20.     Lions – Marcus Davenport – DE – UTSA
Marcus Davenport est sans aucun doute l’une des cartes cachées du repêchage 2018. Évoluant dans une division moins réputée, pour l’Université du Texas à San Antonio, l’ailier défensif est un monstre physiquement du haut de ses 6’7″ et 255 livres. Les joueurs de conférences inférieures sont toujours plus difficiles à classer et certains voient Davenport aussi haut que le 8e échelon, mais des joueurs plus sûrs ou au potentiel plus élevé m’apparaissent plus intéressants. Au 20e rang toutefois, les Lions se trouvent justement à avoir une lacune sur la ligne défensive, particulièrement chez leurs ailiers défensifs.

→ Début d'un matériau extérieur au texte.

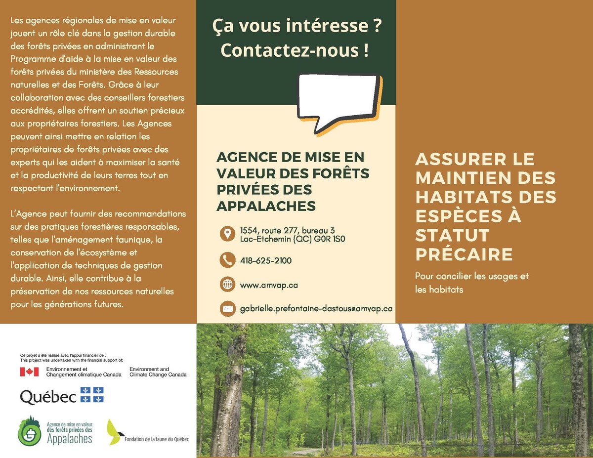 Votre lot boisé comprend un des éléments sensibles mentionnés ci-haut ? Contactez l'Agence ou votre conseiller forestier pour connaitre les modalités d'admissibilité au renouvellement et une bonification de votre plan d'aménagement forestier.

L’ajout d’un projet comme Davenport serait donc tout indiqué pour le nouvel entraineur, Matt Patricia, qui voudra assurément améliorer un front défensif qui a été très inconstant en 2017.

21.     Bengals (via Bills) – Frank Ragnow – C/G – Arkansas
31e pour les verges au sol et dans la deuxième moitié des équipes de la ligue pour les sacs alloués, la ligne à l’attaque est le plus gros problème actuellement chez les Bengals. Jusqu’à tout récemment, je les voyais y aller pour Isaiah Wynn ou James Daniels ici, mais il semblerait que Frank Ragnow ait tout simplement pris toute la place dans les discussions à Cincinnati et qu’il serait maintenant leur cible numéro un. Ragnow (tout comme Daniels) serait un ajout exceptionnel au centre de la ligne, lui qui a la polyvalence pour jouer aux trois positions qui le composent. Ayant complété son parcours universitaire malgré ses 21 ans seulement, il représenterait un ajout formidable pour Joe Mixon et Andy Dalton, notamment étant donné qu’il excelle tant dans le jeu au sol qu’en protection de passe. Ragnow a de plus dominé le « combine » et il semblerait qu’il est prêt à jouer dans la NFL dès la semaine un.